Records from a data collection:
Segment Open

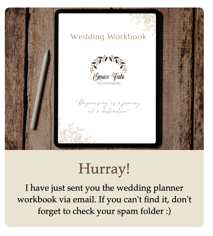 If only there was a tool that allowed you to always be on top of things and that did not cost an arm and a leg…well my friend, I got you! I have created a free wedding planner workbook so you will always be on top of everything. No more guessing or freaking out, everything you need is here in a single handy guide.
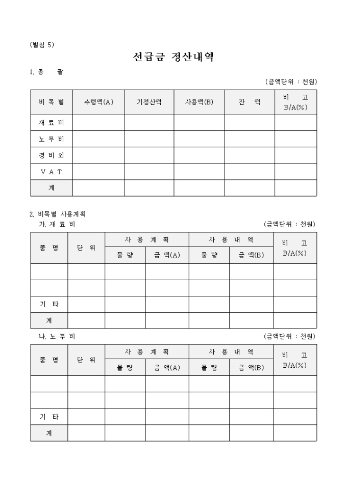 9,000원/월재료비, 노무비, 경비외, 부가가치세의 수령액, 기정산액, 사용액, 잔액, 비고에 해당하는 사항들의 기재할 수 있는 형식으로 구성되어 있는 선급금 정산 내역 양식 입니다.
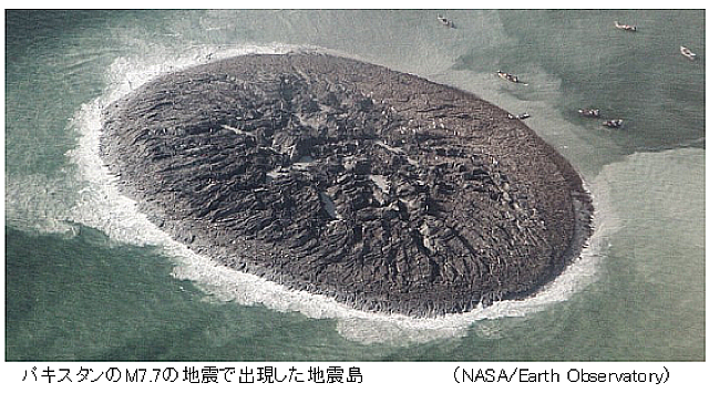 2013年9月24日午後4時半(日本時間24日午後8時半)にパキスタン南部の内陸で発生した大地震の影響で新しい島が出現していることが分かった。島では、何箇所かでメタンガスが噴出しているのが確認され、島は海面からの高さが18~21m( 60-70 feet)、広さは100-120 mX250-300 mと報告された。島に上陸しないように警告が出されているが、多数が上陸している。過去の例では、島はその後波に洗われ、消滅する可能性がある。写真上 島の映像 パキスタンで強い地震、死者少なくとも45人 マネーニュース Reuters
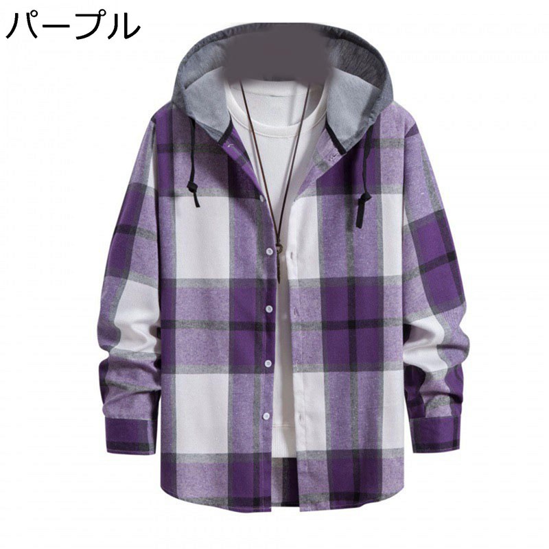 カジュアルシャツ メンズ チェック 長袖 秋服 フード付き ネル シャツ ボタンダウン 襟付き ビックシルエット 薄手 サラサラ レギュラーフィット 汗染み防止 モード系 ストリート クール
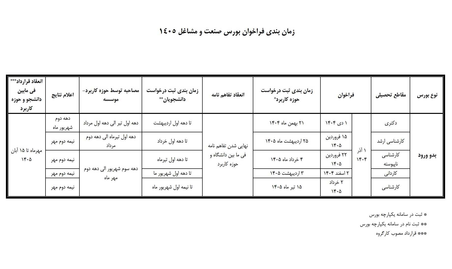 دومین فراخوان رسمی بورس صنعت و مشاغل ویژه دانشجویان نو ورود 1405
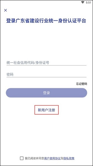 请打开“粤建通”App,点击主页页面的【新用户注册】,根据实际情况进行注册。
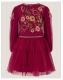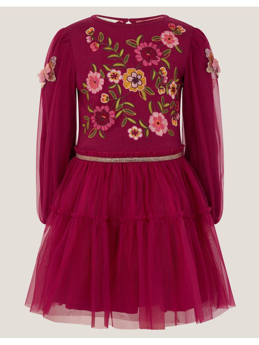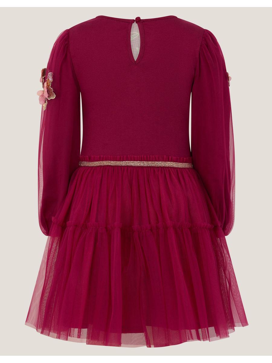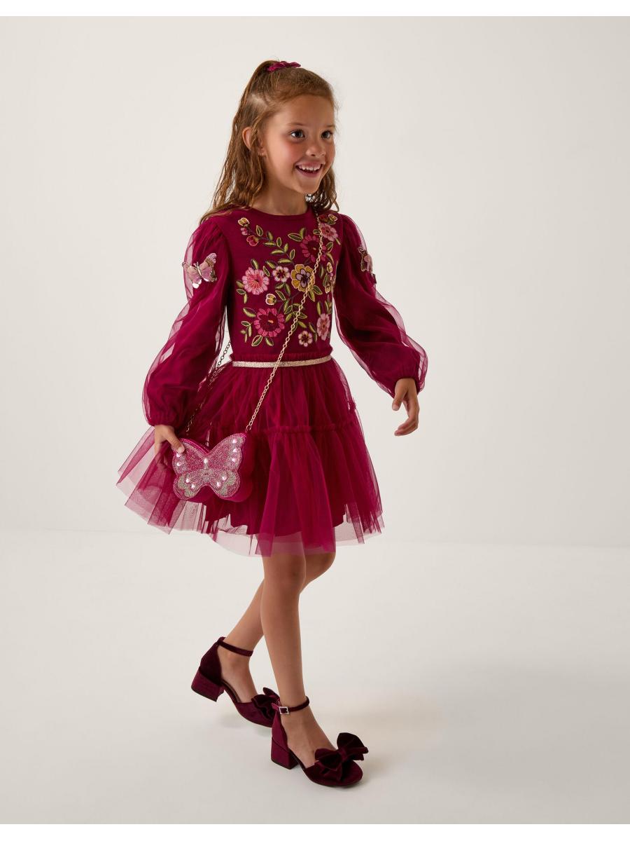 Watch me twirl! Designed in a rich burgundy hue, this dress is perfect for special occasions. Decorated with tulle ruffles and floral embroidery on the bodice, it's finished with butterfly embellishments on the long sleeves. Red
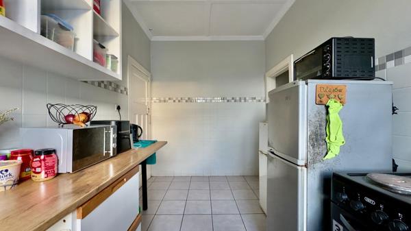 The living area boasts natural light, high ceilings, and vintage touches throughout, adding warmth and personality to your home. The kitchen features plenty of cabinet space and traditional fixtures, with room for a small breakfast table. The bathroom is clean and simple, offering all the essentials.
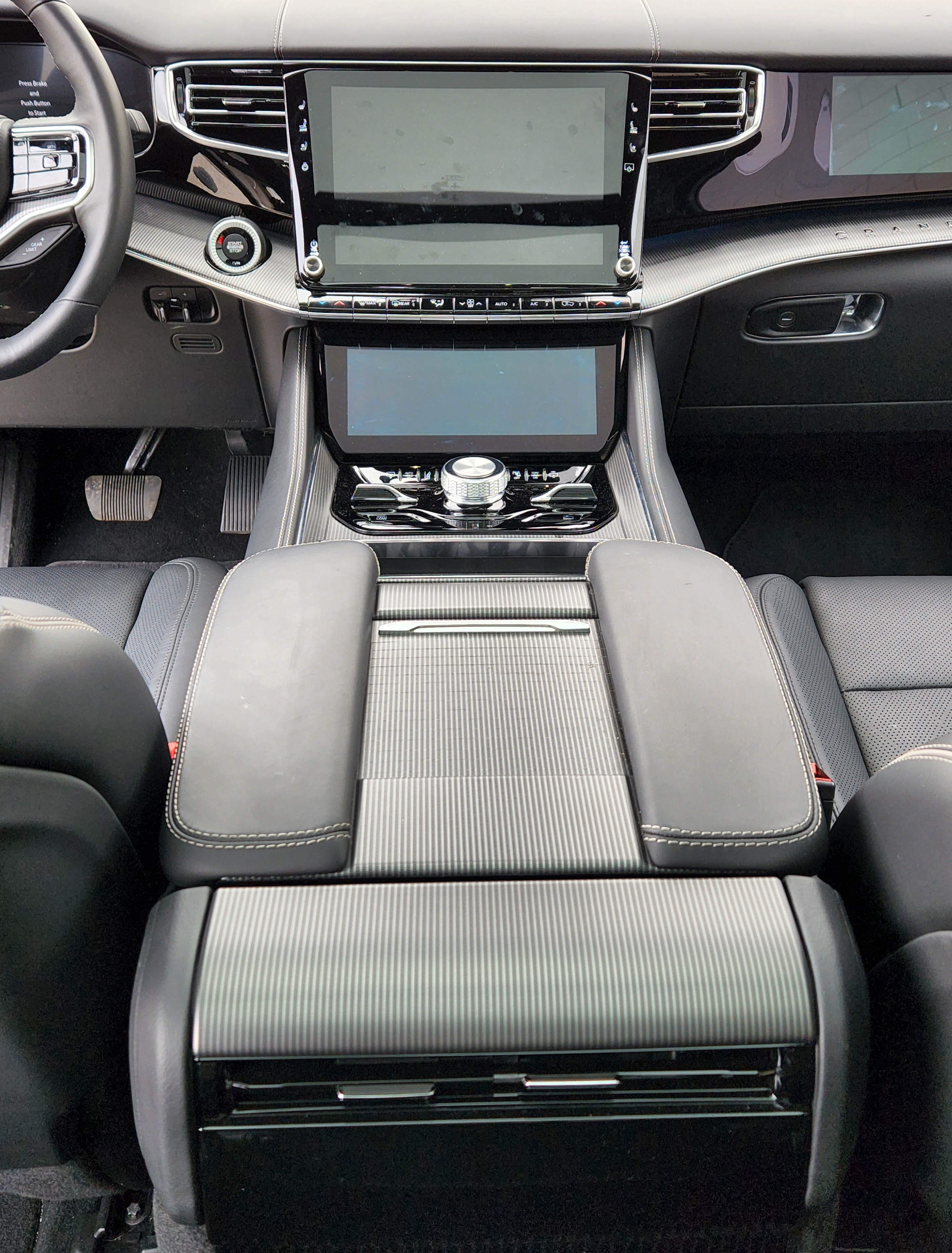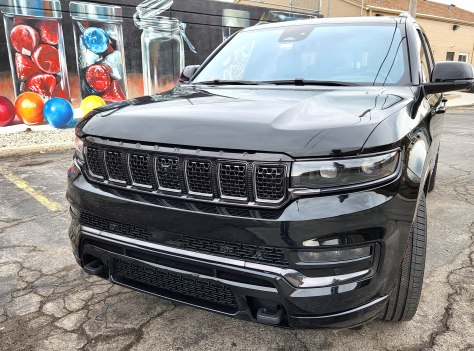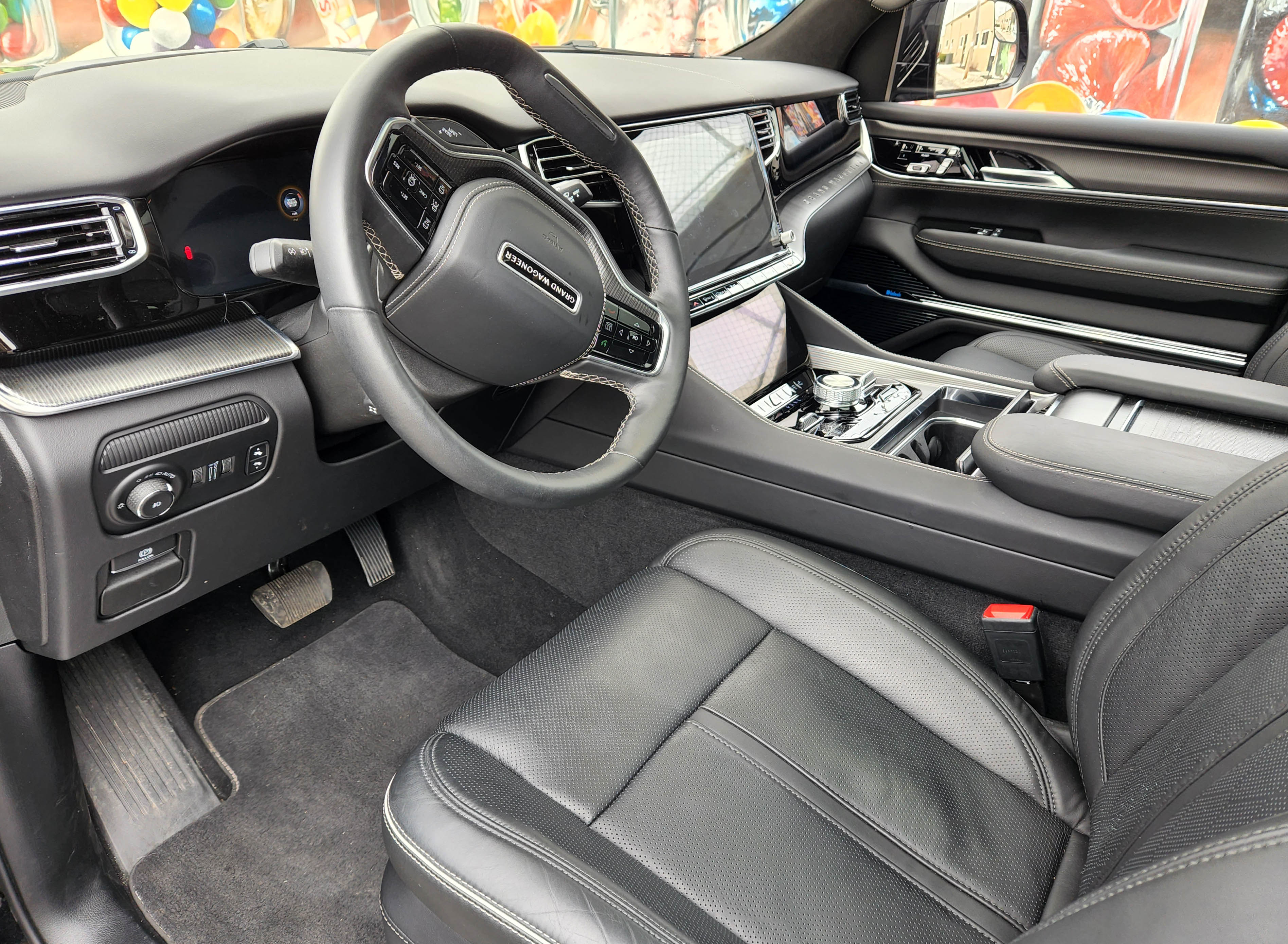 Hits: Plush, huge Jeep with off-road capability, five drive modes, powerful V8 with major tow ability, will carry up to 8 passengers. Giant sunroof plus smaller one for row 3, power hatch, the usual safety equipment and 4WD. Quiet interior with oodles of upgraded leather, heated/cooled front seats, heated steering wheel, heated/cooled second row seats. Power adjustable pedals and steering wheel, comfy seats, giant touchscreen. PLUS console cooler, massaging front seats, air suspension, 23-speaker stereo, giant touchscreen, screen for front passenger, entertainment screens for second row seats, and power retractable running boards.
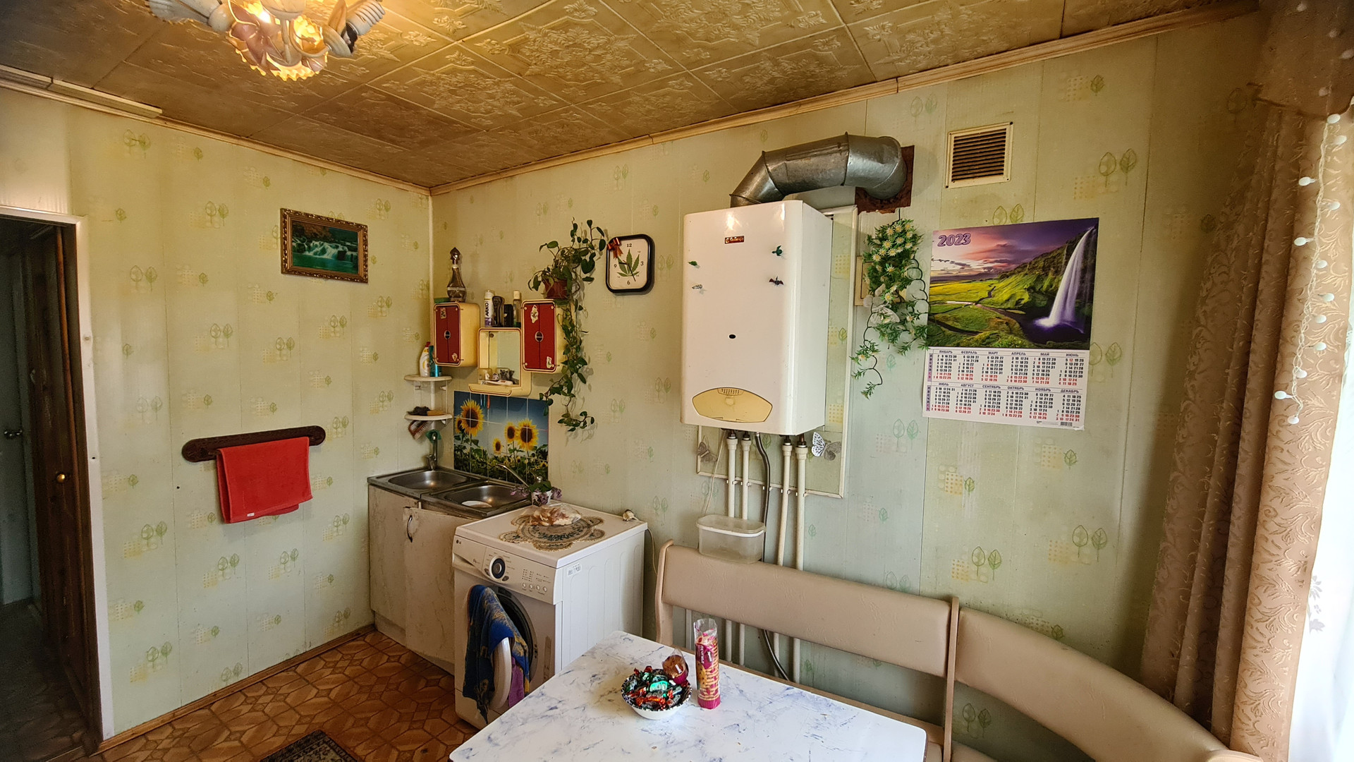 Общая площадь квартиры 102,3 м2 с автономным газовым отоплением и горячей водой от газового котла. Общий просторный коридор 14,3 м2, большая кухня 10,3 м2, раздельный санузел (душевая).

Segment Closed

(Task statement) Reproduce the data above exactly, but only from the line containing "パキスタンで強い地震、死者少なくとも45人 マネーニュース Reuters" through the line containing "The living area"; skip the pictures.

(Solution to the exercise)
 2013年9月24日午後4時半(日本時間24日午後8時半)にパキスタン南部の内陸で発生した大地震の影響で新しい島が出現していることが分かった。島では、何箇所かでメタンガスが噴出しているのが確認され、島は海面からの高さが18~21m( 60-70 feet)、広さは100-120 mX250-300 mと報告された。島に上陸しないように警告が出されているが、多数が上陸している。過去の例では、島はその後波に洗われ、消滅する可能性がある。写真上 島の映像 パキスタンで強い地震、死者少なくとも45人 マネーニュース Reuters
 カジュアルシャツ メンズ チェック 長袖 秋服 フード付き ネル シャツ ボタンダウン 襟付き ビックシルエット 薄手 サラサラ レギュラーフィット 汗染み防止 モード系 ストリート クール
 دومین فراخوان رسمی بورس صنعت و مشاغل ویژه دانشجویان نو ورود 1405
 请打开“粤建通”App,点击主页页面的【新用户注册】,根据实际情况进行注册。
 Watch me twirl! Designed in a rich burgundy hue, this dress is perfect for special occasions. Decorated with tulle ruffles and floral embroidery on the bodice, it's finished with butterfly embellishments on the long sleeves. Red
 The living area boasts natural light, high ceilings, and vintage touches throughout, adding warmth and personality to your home. The kitchen features plenty of cabinet space and traditional fixtures, with room for a small breakfast table. The bathroom is clean and simple, offering all the essentials.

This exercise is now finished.